◆ Requirement
Print every line below exactly as written, but leave the pictures behind.

Start of Available records

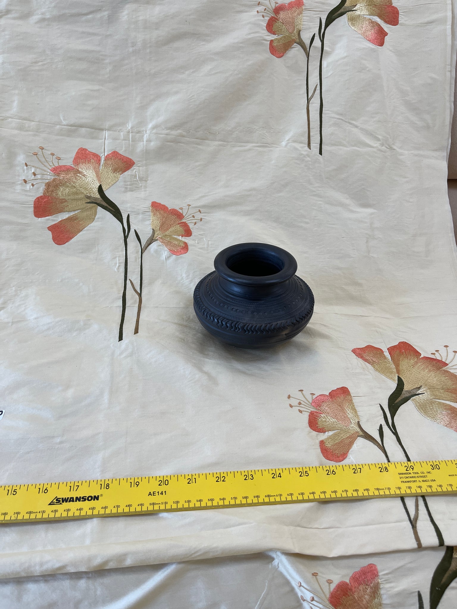 Exquisite quality embroidery, silk shantung base in Ivory, gorgeous piece of heavy floral embroidery pattern in Peach and Greens. Approximate size of each flower 9.5" Wide and 12" long, approximate repeat 25". Design runs up the roll.
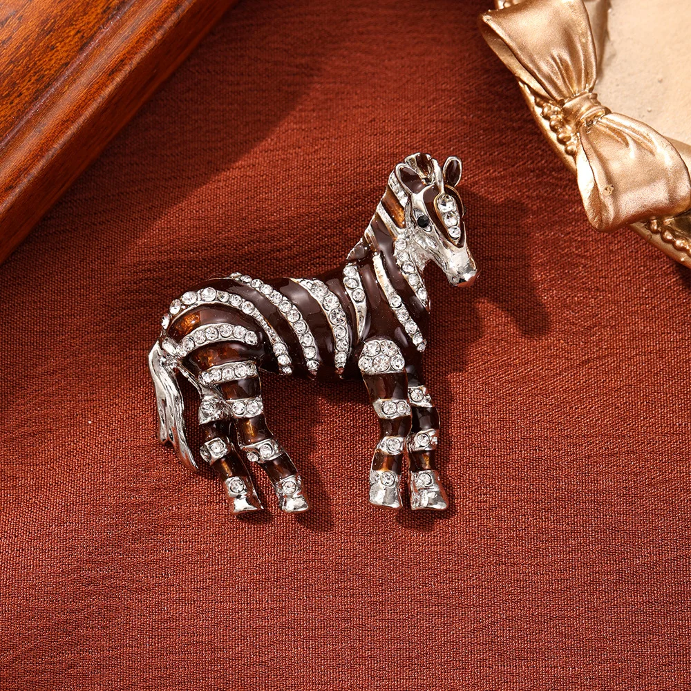 This three-dimensional zebra brooch is an eye-catching accessory that combines a unique design with elegant details. Crafted from sturdy alloy, its gleaming surface showcases alternately glossy dark brown and metallic silver stripes, enhanced by sparkling rhinestones for a luxurious touch. Measuring 4cm by 4.5cm, this brooch is designed for unisex wear, fitting seamlessly into retro, trendy, or military-inspired outfits. Picture yourself pinning it onto your favorite jacket or bag, instantly elevating your style while enjoying the compliments it brings. The zebra's upright posture embodies vitality, making it a dynamic addition to any ensemble.
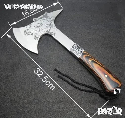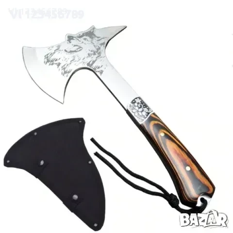 Руска компактна брадвичка с гравиран вълк Кемпинг Топор ст 65х13 → Обява 52777064
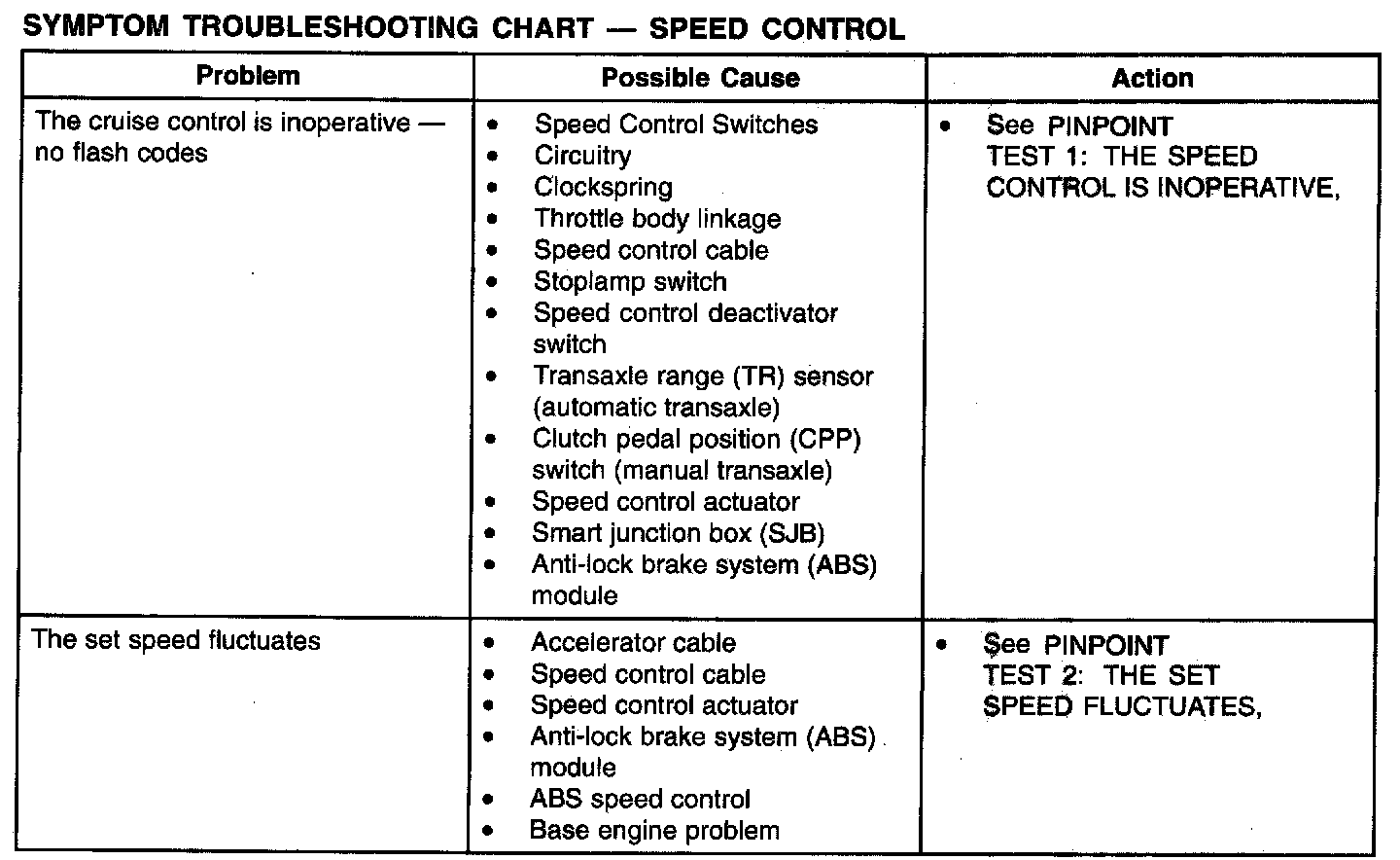 Symptom Trouble Shooting Chart - Speed Control Part 1:
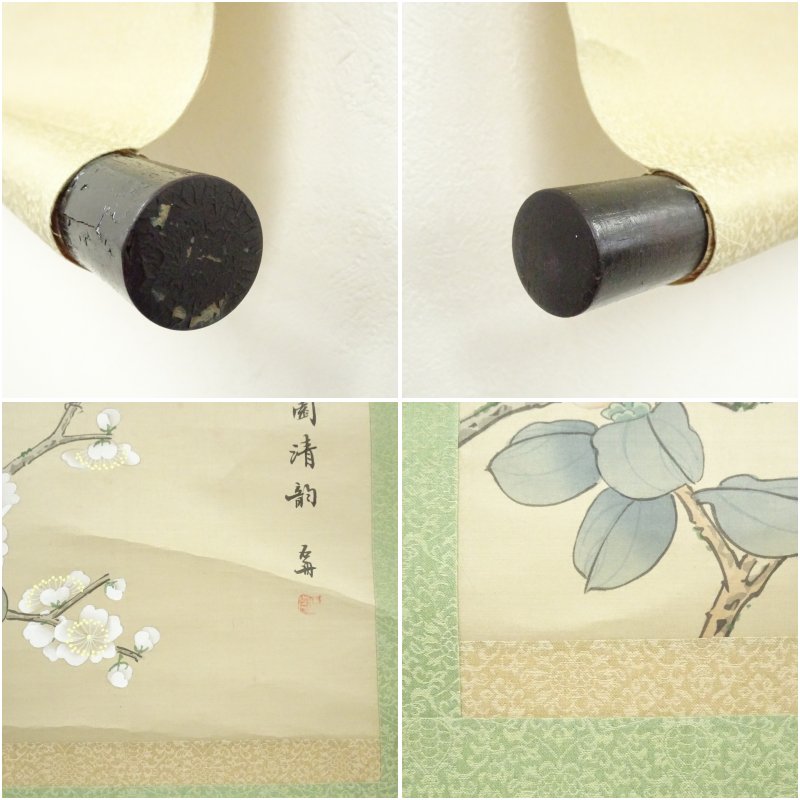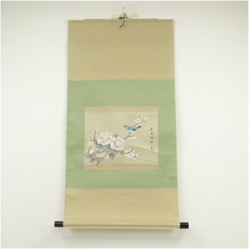 石舟筆 花鳥図 肉筆絹本掛軸(箱付) [01-250919c-046a]
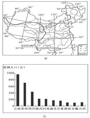 (3)乙图中,我国贫困人口最为集中的是________省,简要分析该省贫困人口集中的自然和社会经济条件。

End of Available records

◆ Task solution
 Exquisite quality embroidery, silk shantung base in Ivory, gorgeous piece of heavy floral embroidery pattern in Peach and Greens. Approximate size of each flower 9.5" Wide and 12" long, approximate repeat 25". Design runs up the roll.
 This three-dimensional zebra brooch is an eye-catching accessory that combines a unique design with elegant details. Crafted from sturdy alloy, its gleaming surface showcases alternately glossy dark brown and metallic silver stripes, enhanced by sparkling rhinestones for a luxurious touch. Measuring 4cm by 4.5cm, this brooch is designed for unisex wear, fitting seamlessly into retro, trendy, or military-inspired outfits. Picture yourself pinning it onto your favorite jacket or bag, instantly elevating your style while enjoying the compliments it brings. The zebra's upright posture embodies vitality, making it a dynamic addition to any ensemble.
 Руска компактна брадвичка с гравиран вълк Кемпинг Топор ст 65х13 → Обява 52777064
 Symptom Trouble Shooting Chart - Speed Control Part 1:
 石舟筆 花鳥図 肉筆絹本掛軸(箱付) [01-250919c-046a]
 (3)乙图中,我国贫困人口最为集中的是________省,简要分析该省贫困人口集中的自然和社会经济条件。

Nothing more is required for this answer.